**EXERCISE INSTRUCTIONS:** Return only the lines from the top of the data down to the one that holds "Here is a Cedar", both included, without any pictures.
------ GIVEN ENTRIES
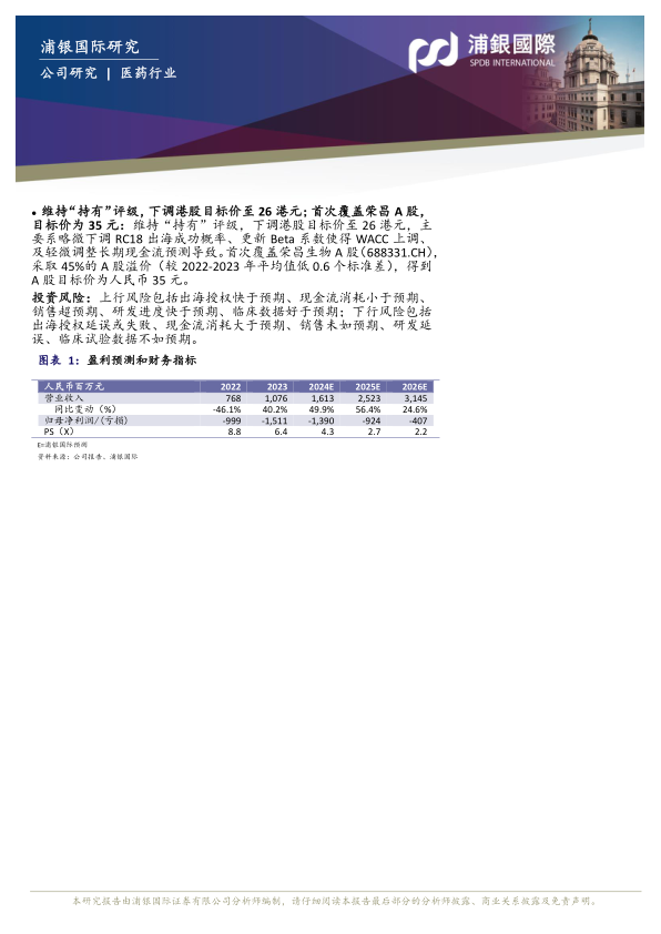 我们维持对荣昌生物港股的“持有”评级,下调目标价至26港元;首次覆盖荣昌生物A股,给予目标价人民币35元。
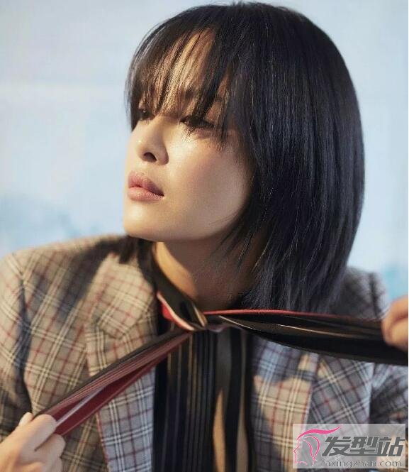 發(fā)量不多的妹子可以參考辛芷蕾同款高層次中短發(fā),發(fā)量多的妹子可以剪相同的長度,劉海高層次處理!
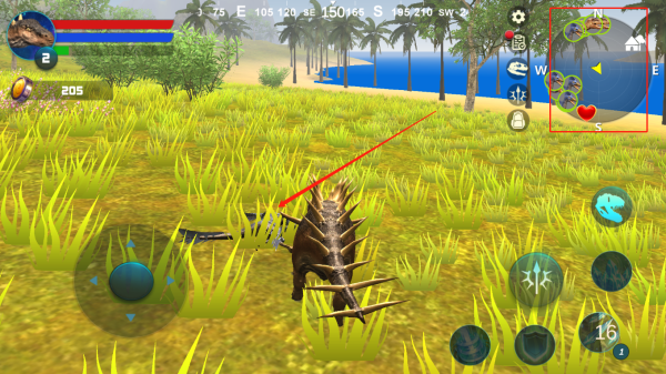 5、图示位置是地图显示,可显示其他恐龙位置,可进行捕猎
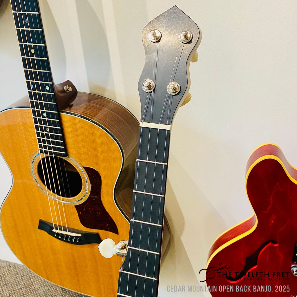 Here is a Cedar Mountain Open Back banjo from 2025. This banjo features an ebony fretboard with scoop and a Remo head.
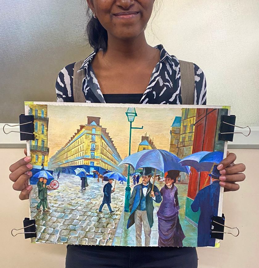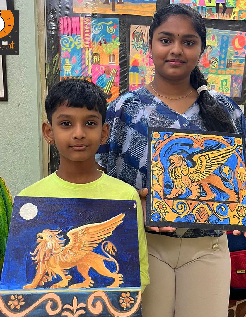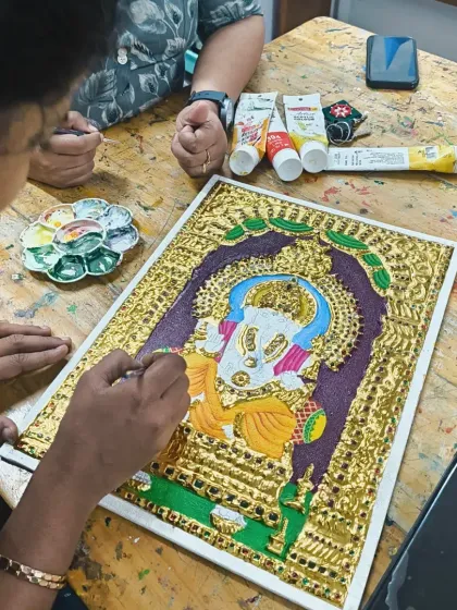 I believe in connecting with our rich artistic heritage. We explore the discipline and beauty of traditional Indian art like Tanjore painting, which involves intricate details, rich colors, and the application of 24K gold foil.
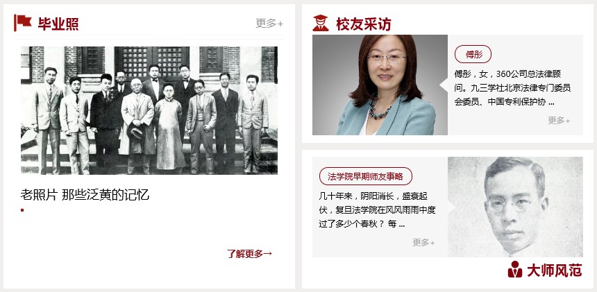 “大师风范”主要介绍我院历史上为国家和社会做出过卓越贡献的知名人物,他们“学为人师,行为世范”,正是他们奠定了复旦法学院的学术根基和精神气质,值得我辈敬仰和铭记。
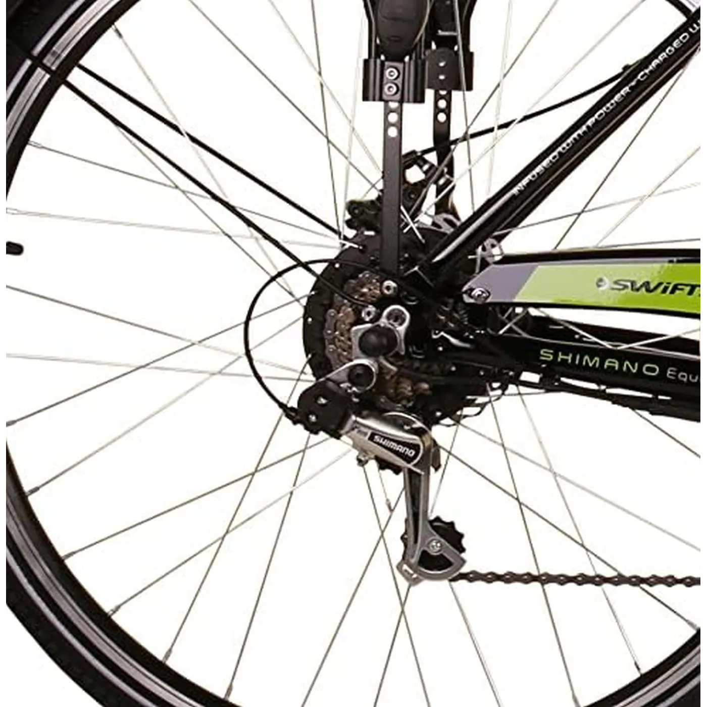 Elegancka i niska konstrukcja ramy nie tylko nadaje rowerowi elektrycznemu czarny wygląd, ale także ułatwia rowerzystom wsiadanie i zsiadanie, co jest bezpieczniejsze i odpowiednie dla szerszego przedziału wiekowego. Model wyposażono w mocny silnik o mocy 250 W z maksymalną obsługiwaną prędkością do 25 km/h zapewnia długą żywotność i wysoką wydajność. Rower wyposażono w 7 biegów, o bezpieczeństwo podczas hamowania zadbają zastosowane mechaniczne hamulce tarczowe z przodu oraz tyłu.
------------
**RESPONSE BOX:**
 我们维持对荣昌生物港股的“持有”评级,下调目标价至26港元;首次覆盖荣昌生物A股,给予目标价人民币35元。
 發(fā)量不多的妹子可以參考辛芷蕾同款高層次中短發(fā),發(fā)量多的妹子可以剪相同的長度,劉海高層次處理!
 5、图示位置是地图显示,可显示其他恐龙位置,可进行捕猎
 Here is a Cedar Mountain Open Back banjo from 2025. This banjo features an ebony fretboard with scoop and a Remo head.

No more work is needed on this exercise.